Task instructions
Which lines belong in your copy? Those from the start of the data through the line with "Artefacto de secado", exactly as written, without any pictures.

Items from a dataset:
================

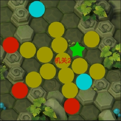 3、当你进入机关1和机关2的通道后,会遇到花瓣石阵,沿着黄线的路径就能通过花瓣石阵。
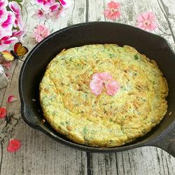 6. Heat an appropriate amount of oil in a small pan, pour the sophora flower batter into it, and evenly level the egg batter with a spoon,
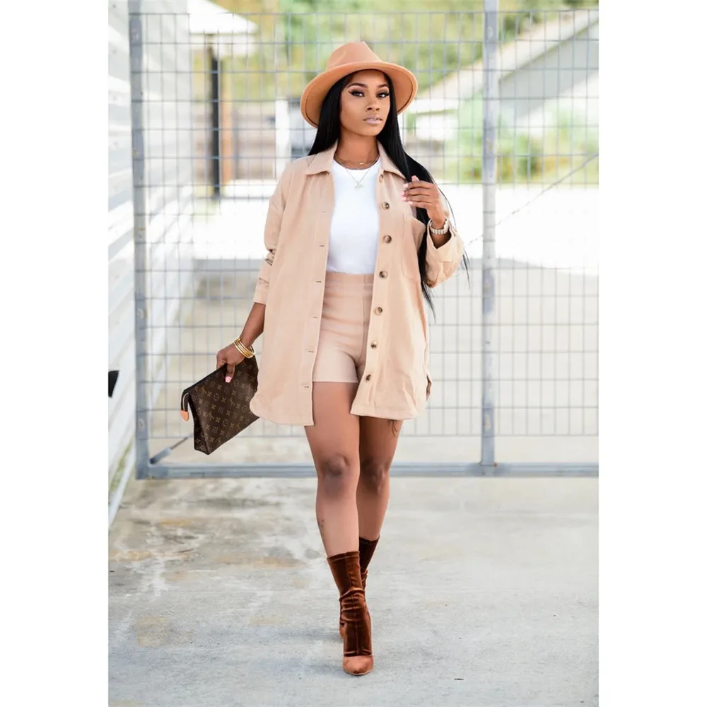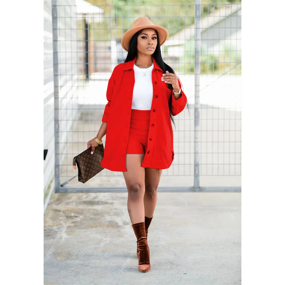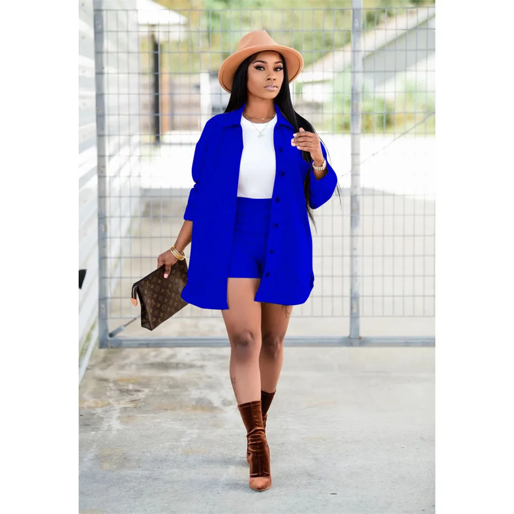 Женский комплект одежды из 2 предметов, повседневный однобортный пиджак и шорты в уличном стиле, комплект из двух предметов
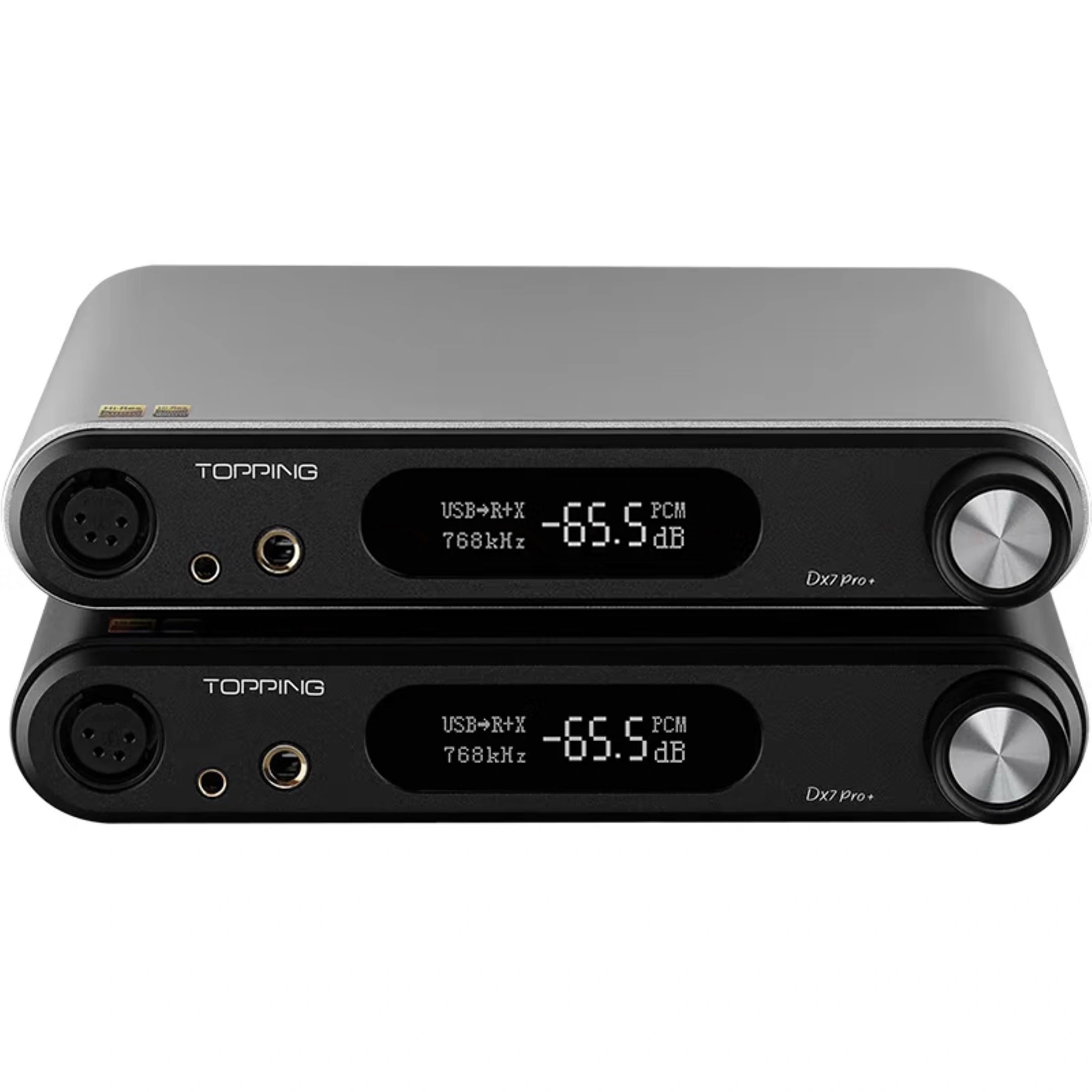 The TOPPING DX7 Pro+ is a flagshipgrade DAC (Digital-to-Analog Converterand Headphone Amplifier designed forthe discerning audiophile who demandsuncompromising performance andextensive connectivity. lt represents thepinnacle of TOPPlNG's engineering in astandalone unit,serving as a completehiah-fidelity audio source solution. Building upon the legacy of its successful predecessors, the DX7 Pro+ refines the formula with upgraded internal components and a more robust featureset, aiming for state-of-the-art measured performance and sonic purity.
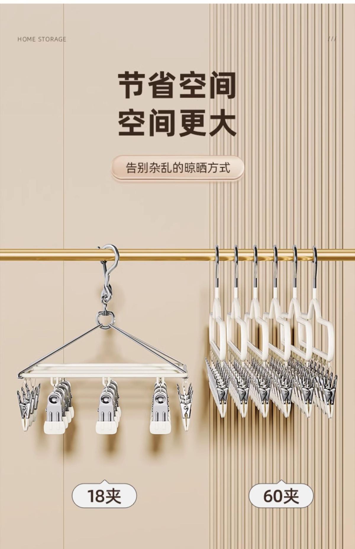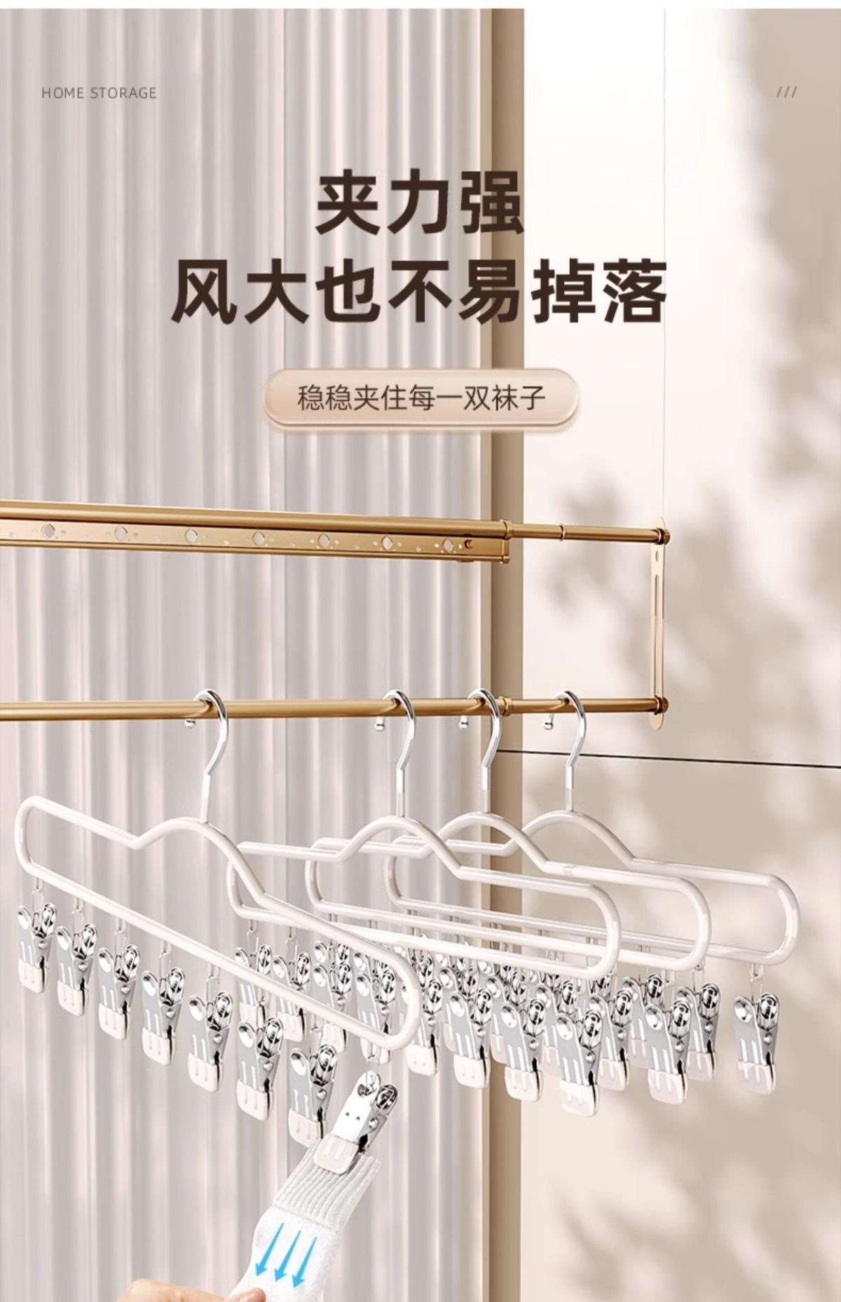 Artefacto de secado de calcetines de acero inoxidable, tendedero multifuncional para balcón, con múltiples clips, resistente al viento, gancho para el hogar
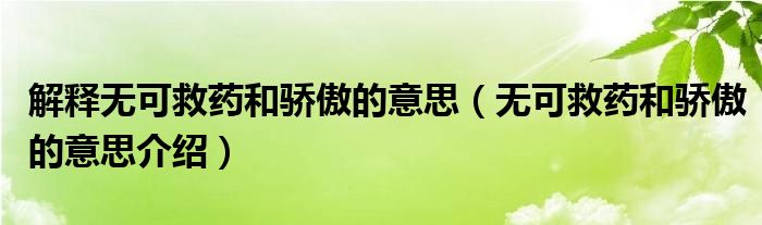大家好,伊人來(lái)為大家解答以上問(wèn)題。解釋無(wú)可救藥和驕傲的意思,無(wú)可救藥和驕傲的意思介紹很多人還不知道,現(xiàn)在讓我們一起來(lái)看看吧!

================

Response for this exercise
 3、当你进入机关1和机关2的通道后,会遇到花瓣石阵,沿着黄线的路径就能通过花瓣石阵。
 6. Heat an appropriate amount of oil in a small pan, pour the sophora flower batter into it, and evenly level the egg batter with a spoon,
 Женский комплект одежды из 2 предметов, повседневный однобортный пиджак и шорты в уличном стиле, комплект из двух предметов
 The TOPPING DX7 Pro+ is a flagshipgrade DAC (Digital-to-Analog Converterand Headphone Amplifier designed forthe discerning audiophile who demandsuncompromising performance andextensive connectivity. lt represents thepinnacle of TOPPlNG's engineering in astandalone unit,serving as a completehiah-fidelity audio source solution. Building upon the legacy of its successful predecessors, the DX7 Pro+ refines the formula with upgraded internal components and a more robust featureset, aiming for state-of-the-art measured performance and sonic purity.
 Artefacto de secado de calcetines de acero inoxidable, tendedero multifuncional para balcón, con múltiples clips, resistente al viento, gancho para el hogar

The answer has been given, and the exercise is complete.